Dickens creates a world. All great writers do this, but there is no writer in our language of whom it is truer than of him. The novels - even The Pickwick Papers - are drenched in tears and sadness. We weep quite as much as laugh over his pages. But the laughter, the jokes, the language itself, all confront life in a manner that compels us to share his robust attitude to the wretchedness of childhood, the humiliations of poverty, the dread of death.
Many of the funniest moments occur during extremely sad episodes. This is what makes the dramatisation of his novels such a ticklish business. The Roman Polanski film of Oliver Twist evoked the squalor of 19th-century London, the pathos of the workhouse, the misery of Fagin's lair. But it could not catch the atmosphere of the novel which, for all its terribleness, and terror, is a comedy - or a tragedy shot through with comedy.
Oscar Wilde was trying to be clever, and succeeding perhaps, when he said you would need a heart of stone not to laugh at the death of Little Nell, but in his clever joke he captured something of the essence of The Old Curiosity Shop. Dick Swiveller is one of the most wonderful characters in Dickens, beginning as a wastrel who has to dodge the streets, where he has run up debts in pie shops and pawnbrokers, and ending as the hero who marries the put-upon parlourmaid of Sally Brass - "The Marchioness".
In cancelled passages of the novel Dickens had made it clear that the Marchioness was the natural child of Sally Brass and the villain of the novel, Daniel Quilp, the terrifying dwarfish self-projection of the writer (Quill-Pen/Quilp) himself. Quilp is always comic - viz his bursting in upon the supper party when his mother-in-law, Mrs Jinnywin, is dissecting his character - and always evil. His persecution of his wife, his diddling of the owner of the Old Curiosity Shop, his lecherous designs upon the 14-year-old Nell are seen through the comic mask of Dickens's language.
An ITV dramatisation on Boxing Day was a disaster. It presented the whole sequence of events and characters - even the Punch and Judy men Codlin and Short, or Mrs Jarley the waxworks proprietress - with a muted actorly seriousness that castrated the atmosphere of the book. It made a sad contrast with a BBC effort at dramatising the book, which I remember from my childhood, in which the sometime Doctor Who, Patrick Troughton, brought Quilp to life with violent animation.
Dickens's characters, if viewed by anyone other than Dickens, would not necessarily be comic at all. Witness Mr Micawber, reborn as Marmeladov in Dostoevsky's Crime and Punishment. Burglars, child-molesters, swindlers, workhouse proprietors, prison "screws", orphans, bullying fathers and cruel step-parents are not funny when met with, either in contemporary life or in history. Dickens's way of coping with the dreadfulness of human wickedness is to make them into grotesques. His was the most glorious artistic apogee of a generalised English irony - witness the manner with which the population at large made Hitler a comic creation during the Blitz.
Now, we live in a different atmosphere. Esther Rantzen encourages the Artful Dodger to ring Childline. Mr Dombey and Mr Murdstone would be urged to seek family therapy. Mr Dorrit, rather than languishing in the Marshalsea, would find that his investments in Northern Rock had been compensated by the Chancellor of the Exchequer. Probably we are all much nicer in consequence, but with our You and Yours culture of whinge, we have lost our sense of humour. In consequence, we are less noble than Dickens.

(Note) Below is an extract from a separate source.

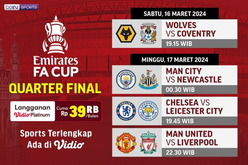 CHANELRAKYAT | Jadwal lanjutan pertandingan Piala FA 2023/2024 babak perempat final yang bakal berlangsung pada, 16 dan 17 Maret 2024 mendatang. Seluruh laganya disiarkan langsung eksklusif melalui layanan OTT Vidio.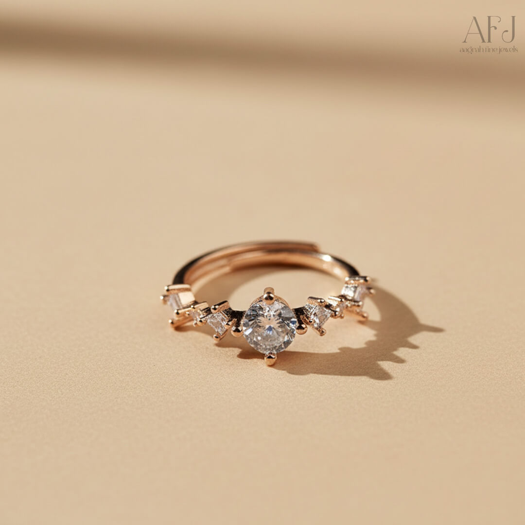 Elevate your look with the Blush Bloom Korean Ring, a stunning blend of delicate charm and contemporary elegance. Crafted with premium rose gold plating and sparkling American diamonds, this ring is designed for women who love minimalist sophistication. The modern open-prong setting enhances its brilliance, making it an effortless statement piece for workwear, casual outings, and special occasions.

In Catford and Toxteth and the Gorbals, there are still plenty of Little Nells, warding off dwarfish lechers. The Artful Dodger is on crack cocaine. Addicts of drink and gambling every bit as pathetic as Nell's grandfather shuffle from government-sponsored casino to the corner shop for their lottery tickets. Dickens was not heartless in finding comedy in their lives. On the contrary, by making them tragi-comic he allowed his readers to remain alive to the dignity of the poor even in their most abject state. But we live in a state run by Mrs Jellybys and Mr Bumbles, where laughter is frowned upon and those in authority see their job (which Dickens never did) to improve those less fortunate than ourselves.